Can your veterinary clients hear you now?

Can your veterinary clients hear you now?

In our high-tech world of e-mail, Facebook, and smartphones, it's getting harder every day to grab the attention of the people you work with—and people you serve. Consider these tips to make sure veterinary clients and co-workers hear your message every time.

Beep. Buzz. Ring. Tweet! Text, e-mail, and cell phones have created a whole new world of competition as you struggle to make yourself heard among the spam, junk mail, and telemarketers fighting for attention. If you feel that clients and co-workers are tuning you out, it's time to take the static out of your words and create targeted messages that grab attention and offer results.

Tailoring your message is a good place to start, says Brenda Tassava, CVPM, CVJ, a Firstline Editorial Advisory Board member and hospital administrator at Broad Ripple Animal Clinic in Indianapolis. People have different communication styles—some need just the facts, while others prefer the details, including all of the possible outcomes, Tassava says. That's why her team uses the True Colors profiling program to learn about each team member's communication preferences. In fact, Tassava wrote a veterinary-specific version of the personality identification system called Canine Colors and serves as a master certification coach. (Click here to learn more about Canine Colors.)

"Whenever we need to express ourselves or communicate with another person, it's our personal responsibility to adapt to that person's communication style," Tassava says. "So everyone should become a bit more diverse and versatile."

Communication tends to shut down when people get frustrated because others don't communicate the same way, she says. That's why it's important to get outside of your own comfort zone and help make that communication happen.

"If you can be aware and open yourself up to speak and express yourself more in line with the way other people receive and process information, you can become a much better communicator," she says.

Check yourself

If you're not feeling heard, it's time for a quick gut check. Have you developed any bad communication habits that encourage others to tune you out? Consider these characters and make sure you steer clear of their bad behaviors:

  • Glenda Gossip knows all the up-to-the-second juiciest tales, and she'll spill everything the second the boss's back is turned. But don't turn your back on Glenda, or before you know it you'll play a starring role in her next lineup of stories. "When you talk about co-workers and say things you wouldn't say face-to-face to a person, that's a real problem," Tassava says. "And the people who hear you start to wonder, 'What are you saying about me when I'm not in the room?'"

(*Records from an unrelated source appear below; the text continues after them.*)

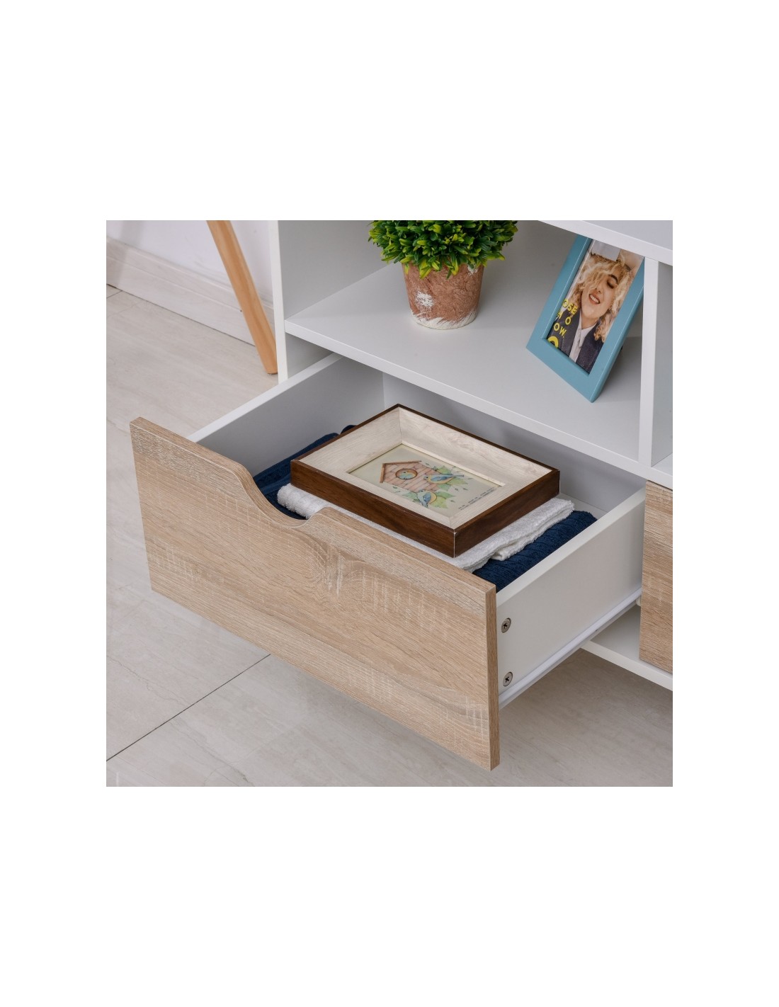 TV Bord i træ og møbelplade B99 cm - Hvid/Natur
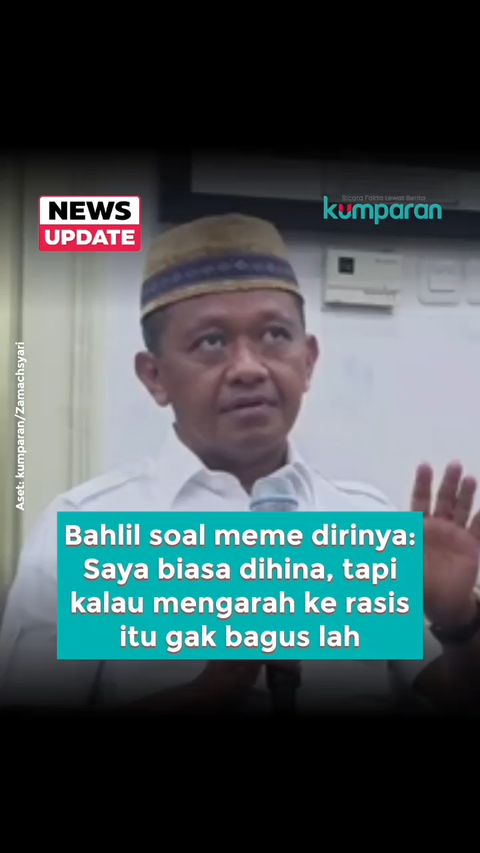 Ketua Umum Partai Golkar sekaligus Menteri ESDM, Bahlil Lahadalia, menanggapi santai sejumlah meme tentang dirinya yang beredar di media sosial. Ia mengatakan sudah biasa dihina sejak kecil, namun menegaskan tidak suka jika meme tersebut mengandung unsur rasis.
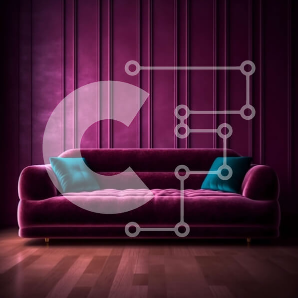 Intra Συλλεκτικό Ξύλινο Παζλ Plywood 4mm – Άνετος μωβ καναπές σε ένα σκοτεινό δωμάτιο με μπλε μαξιλάρια Σε Ξύλινο Κουτί – Διαστάσεις Puzzle: 10×10 cm – 25 κομμάτια
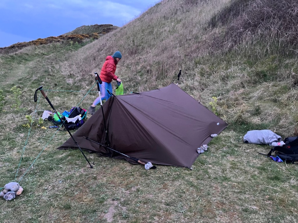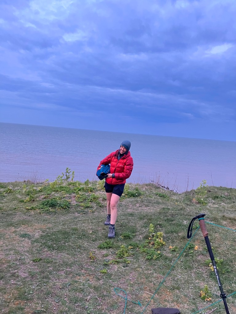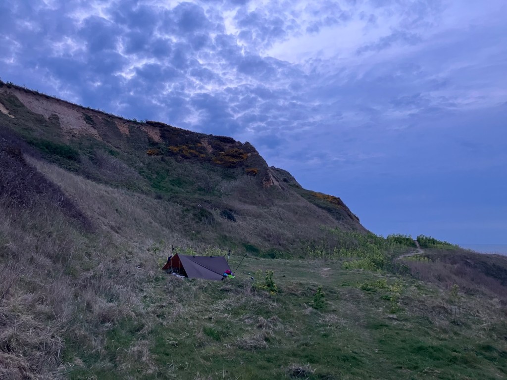 The cliff walk ahead was multiple back to back holiday parks- chances of pitching looked bleak, the campsite listed on Google in Mundesley was, we think, in reality a chalet farm. It was a good few miles out the other side and even after that it looked fairly difficult to pitch. We popped out onto the coast road and I peered over the edge – lo’ and behold a perfect flat ledge was beneath which looked like it was a known spot for campers.

A good guideline: If you feel you need to stop talking when someone enters the room, you're gossiping.

  • Ira Interruption interjects his opinion into every conversation—often before you're done speaking. He likes to think he's one step ahead when he finishes your sentences, but you just can't wait to leave him behind. "Interrupting others is a bad habit," Tassava says. "It really shuts people down if you don't let others express themselves thoroughly."
  • Cora Chronic-Complainer has a long list of gripes, and you're not going to scoot out of any conversation until she's told you every one. "If you're chronically complaining but you never take your problems to the person who can help fix them, you become a very ineffective person," Tassava says. "And eventually, people don't want to hear it anymore. They don't want to be around it."